Many chess masters valued the challenge of playing chess with a non-standard setup as a way to break out of the opening play doldrums. Chess960 (Fischer Random Chess) plays like Standard Chess with the exception of a randomly generated opening setup of pieces behind the 8 pawns. The game is quite popular and played even by top chess grandmasters, like Svidler or Leko.

The rules

Most of the standard chess rules are in place. The only exceptions are:

  • pieces are randomly shuffled on the first/last rank (the only restrictions are that bishops have opposite colours and that the king must be somewhere between the rooks, black setup mirrors white),
  • castling rules are generalised to accommodate varying initial setup.

Example initial setup (one of the 960 possible):

Castling rule is easy to memorise: after castling, the king and rook move to the squares they would land in standard chess (after O-O we have Kg1 and Rf1, after O-O-O Kc1 and Rd1). Typical chess restrictions apply - none of the castling pieces moved, source and destination squares are empty, the king path is free of any pieces and not under opponent attack. 

O-O looks fantastic in the above setup, doesn't it? And requires some work to prepare... But in setups with Kf1 and Rg1, one can play O-O as the first move of the game.

Except those, all standard chess rules apply, be it en-passant, pawn promotion, stalemate, or whatever. Once both sides castled there is no difference between chess960 and standard chess game (although the middlegame positions are sometimes unique - thanks to nontypical development of pieces or pawn structures).

Why play it?

Escaping long, well known, opening lines of standard chess is obvious advantage of chess960. We are again in the world where one must work from the very beginning of the game. It is fun, it is also valuable training for standard chess players (learning to think during opening stage helps when one meets unexpected line in usual chess).

Less known feature is that chess960 frequently creates middlegame configurations (from pawn structures, to piece layouts) rarely or never met in standard chess, giving way to nontypical combinations.
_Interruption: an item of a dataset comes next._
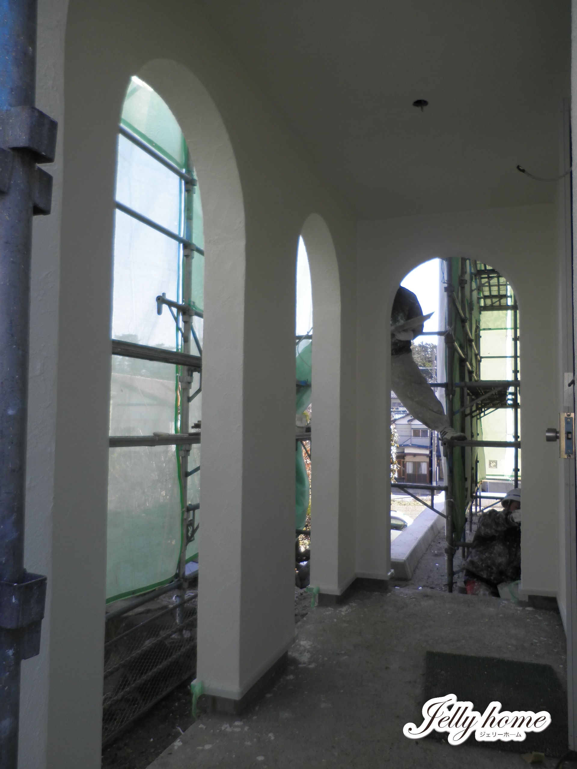 外壁の塗り壁工事ができあがり、
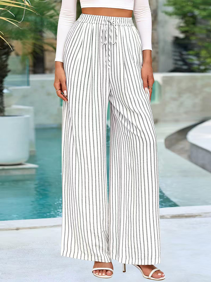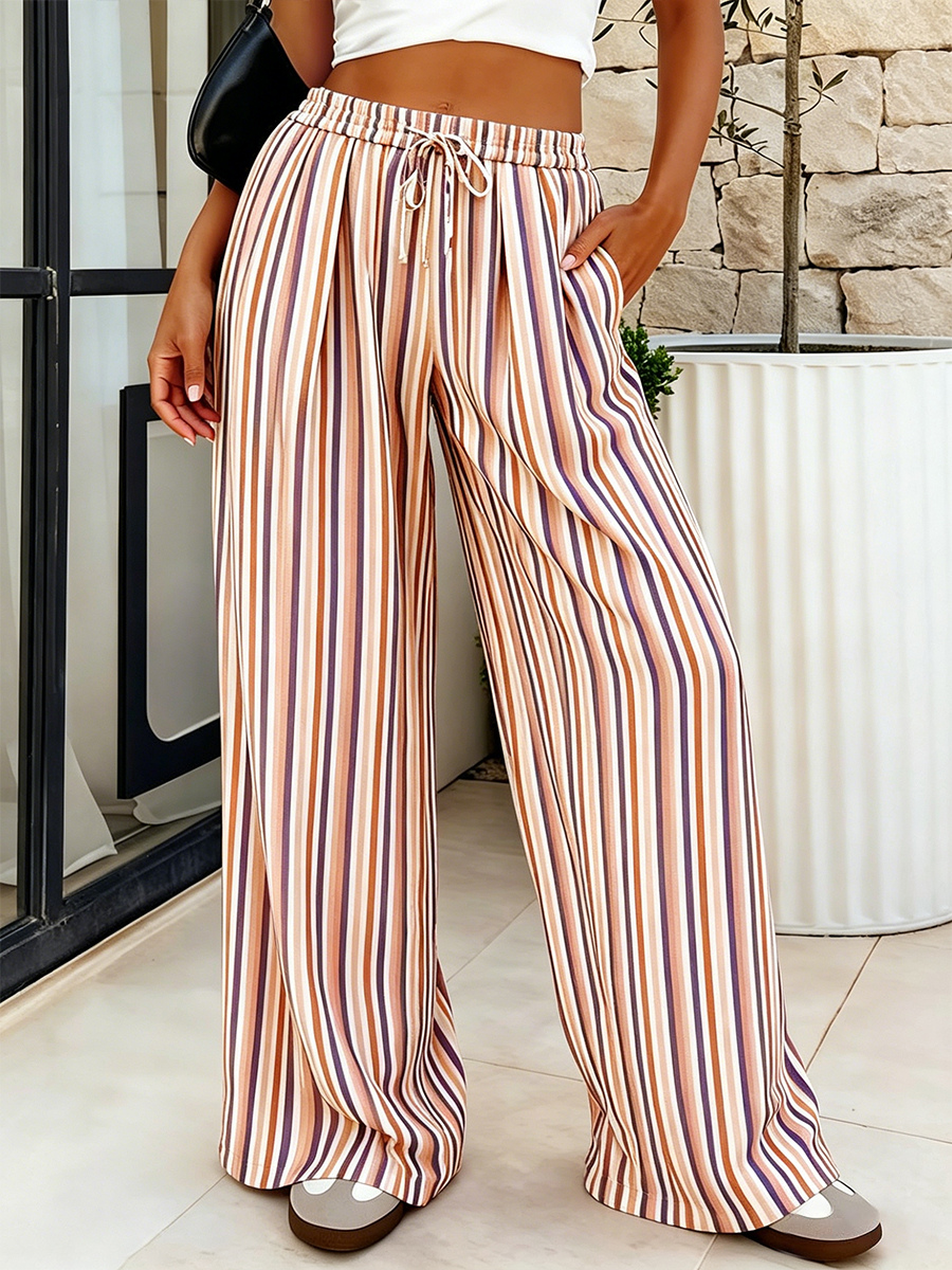 ボヘミアン風ストライプワイドレッグパンツ(レディース) - 縦柄プリント、ハイウエスト、ドローストリング付きパラッツォパンツ - サマービーチリゾート2026

Fun, but also good training to search for new tactical patterns.

Tips and tricks

Below a few tips for people starting chess960.

  1. This is normal chess. The middlegame and endgame knowledge applies as-is. Basic opening principles (develop, castle, claim center, be active) also apply. Memorize castling rule quoted above, and you can play.
  2. Spend some time studying initial setup. Are there diagonals you can quickly claim? Which side do you expect to castle? What are undefended or poorly defended pawns and squares? Which pieces can be difficult to develop?
  3. Remember about activating all your pieces. There are chess960 setups, in which some pieces are difficult to develop (for example, imagine setup with queens on a1 and a8, especially if there are bishops on h1 and h8). It can pay off to sac some material, but to bring all forces into the battle quickly.
  4. Avoid chess960 errors. One can see solid chess players hanging pieces, allowing for major forks, or even blundering a mate in one or two in chess960 games (see for instance cruel miniature , quick knight mate or devastating fork at move 3). The reason is that pieces are differently organised than in normal chess. Some patterns can be similar to known chess setups, and instinctively seen so, but allow for an attack, which in normal chess would not work. Those examples prove also, that one must be alert from the very beginning of the game.
  5. Recognize weak squares. Everybody know about weaknesses of f2 and f7 in standard chess, in chess960 (depending on setup) there can be even squares which are not defended at all. Spot them, exploit them, defend them.

Instructive games

Selected example games:

  • Develop to win - white picks better development plan and manages to organise threatening attack before black coordinates his forces
  • The Queen problem - interesting game, which in particular illustrates the problem with developing queen in some setups; note also phantasy castling at move 14 and interesting endgame,
  • Castling on the first move - also, interesting example of development in rather difficult configuration (knights in corners)
  • Another early castling - plus just another example of interesting development problems (note difficulties black face with activating the queen, and both sides have with h bishops)

Position number

The position number is a number from range 1 to 960, which in unique way describes the initial position. Exact algorithm (initially described by R. Scharnagl in his German book about the game) is not usually important, but if you are interested, see chapter 5 on this page. In short: if you write the position number in binary notation, then the lowest two bits encode position of light-square bishop, next two bits the position of dark-square bishop, then the rest of pieces are encoded.